Le cerveau rétrécit-il vraiment avec l'âge ?
Le cerveau rétrécit effectivement avec l'âge, surtout dans les zones liées à la mémoire et à la planification. L'hypertension artérielle accélère ce processus, tandis que l'activité physique et les efforts cognitifs renforcent la capacité du cerveau à s'adapter.
Oui, le cerveau rétrécit bel et bien avec l'âge. Chez des personnes en bonne santé, sans démence, la plupart des régions cérébrales perdent entre 0,5 % et 1,0 % de leur volume chaque année. Dans le même temps, les ventricules, c'est-à-dire les cavités internes du cerveau, s'agrandissent. Ce n'est pas un phénomène marginal : plusieurs études indépendantes menées par IRM le retrouvent de façon constante.
Ce rétrécissement n'est pas uniforme. Le cortex frontal (planification et maîtrise de soi), l'hippocampe (mémoire) et le cervelet (coordination) sont les plus touchés. Le cortex visuel primaire, lui, change à peine. Ce schéma explique en partie pourquoi il peut devenir plus difficile, en vieillissant, de penser vite ou de mémoriser de nouvelles informations, sans pour autant perdre la acuité visuelle.
Du côté des mécanismes, les neurones ne meurent pas en masse. Ce qui se passe plutôt : les neurones eux-mêmes rétrécissent, les synapses (points de contact entre cellules) se raréfient, et la longueur des fibres nerveuses gainées de myéline, la couche isolante qui enveloppe les nerfs, diminue de près de 50 %. Cette perte de connectivité pèse davantage sur le fonctionnement cérébral que la simple mort cellulaire.

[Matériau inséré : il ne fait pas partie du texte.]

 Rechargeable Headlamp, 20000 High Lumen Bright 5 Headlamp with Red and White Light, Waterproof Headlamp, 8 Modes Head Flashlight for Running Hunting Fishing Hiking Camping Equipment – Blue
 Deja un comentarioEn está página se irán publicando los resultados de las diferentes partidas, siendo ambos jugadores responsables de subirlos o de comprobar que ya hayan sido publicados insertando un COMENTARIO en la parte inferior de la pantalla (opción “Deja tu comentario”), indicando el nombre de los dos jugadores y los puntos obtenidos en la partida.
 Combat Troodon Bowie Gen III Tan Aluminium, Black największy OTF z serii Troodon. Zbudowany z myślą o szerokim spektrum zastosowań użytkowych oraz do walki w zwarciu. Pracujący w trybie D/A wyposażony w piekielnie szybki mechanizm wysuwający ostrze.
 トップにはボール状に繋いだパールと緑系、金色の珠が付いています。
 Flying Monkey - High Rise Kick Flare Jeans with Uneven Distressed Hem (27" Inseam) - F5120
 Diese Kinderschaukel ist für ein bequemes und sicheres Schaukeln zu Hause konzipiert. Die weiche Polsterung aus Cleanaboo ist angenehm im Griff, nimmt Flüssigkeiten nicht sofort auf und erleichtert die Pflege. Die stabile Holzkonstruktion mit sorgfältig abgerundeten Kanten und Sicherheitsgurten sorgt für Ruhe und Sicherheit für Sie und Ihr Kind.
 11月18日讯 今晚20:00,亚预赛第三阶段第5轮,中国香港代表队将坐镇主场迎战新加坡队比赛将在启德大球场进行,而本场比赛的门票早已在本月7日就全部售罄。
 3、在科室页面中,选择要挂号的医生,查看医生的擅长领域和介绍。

Au-delà du volume, le tissu cérébral devient aussi plus mou et moins élastique. Cette perte d'élasticité progresse trois fois plus vite que la réduction de volume, ce qui indique des modifications internes que les mesures volumétriques habituelles ne captent pas.

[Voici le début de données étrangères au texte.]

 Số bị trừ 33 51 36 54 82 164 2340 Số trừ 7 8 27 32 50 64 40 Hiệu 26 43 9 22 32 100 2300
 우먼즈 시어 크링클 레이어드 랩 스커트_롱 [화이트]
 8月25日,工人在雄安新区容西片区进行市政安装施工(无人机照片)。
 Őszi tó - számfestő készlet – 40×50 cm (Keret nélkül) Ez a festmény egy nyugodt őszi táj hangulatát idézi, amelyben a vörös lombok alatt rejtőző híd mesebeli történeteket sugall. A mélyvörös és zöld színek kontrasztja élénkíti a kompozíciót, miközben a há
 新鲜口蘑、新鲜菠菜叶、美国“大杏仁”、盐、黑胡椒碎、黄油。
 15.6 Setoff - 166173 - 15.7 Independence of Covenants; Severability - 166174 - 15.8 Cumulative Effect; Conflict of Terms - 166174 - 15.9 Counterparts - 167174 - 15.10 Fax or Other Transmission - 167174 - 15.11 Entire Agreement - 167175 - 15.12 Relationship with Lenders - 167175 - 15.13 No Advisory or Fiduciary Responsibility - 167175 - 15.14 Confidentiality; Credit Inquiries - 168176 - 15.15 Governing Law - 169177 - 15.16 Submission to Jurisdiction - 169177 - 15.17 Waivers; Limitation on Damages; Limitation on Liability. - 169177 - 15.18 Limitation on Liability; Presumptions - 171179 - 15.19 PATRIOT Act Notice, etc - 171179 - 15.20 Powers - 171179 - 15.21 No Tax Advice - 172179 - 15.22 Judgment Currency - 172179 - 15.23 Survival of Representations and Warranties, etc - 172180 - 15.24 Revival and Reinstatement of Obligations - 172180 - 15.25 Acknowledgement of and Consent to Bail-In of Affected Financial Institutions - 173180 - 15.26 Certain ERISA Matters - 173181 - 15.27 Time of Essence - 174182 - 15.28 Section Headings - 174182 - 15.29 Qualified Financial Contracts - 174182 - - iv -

Le cerveau ne subit pas tout cela passivement. Dans le cortex préfrontal, l'activité cérébrale augmente pour compenser le rétrécissement observé ailleurs. Cette adaptation se renforce lors d'efforts cognitifs et d'activité physique. L'hypertension artérielle, à l'inverse, accélère le rétrécissement de l'hippocampe et du cortex préfrontal. Le vieillissement cérébral n'est donc pas entièrement dicté par la biologie.
Fondé sur plusieurs études IRM, des études de cohorte longitudinales et des études anatomiques comparatives. Les preuves sont solides concernant l'existence du rétrécissement et sa distribution régionale ; elles sont modérées sur les mécanismes (rétrécissement versus mort neuronale) et sur les modifications d'élasticité.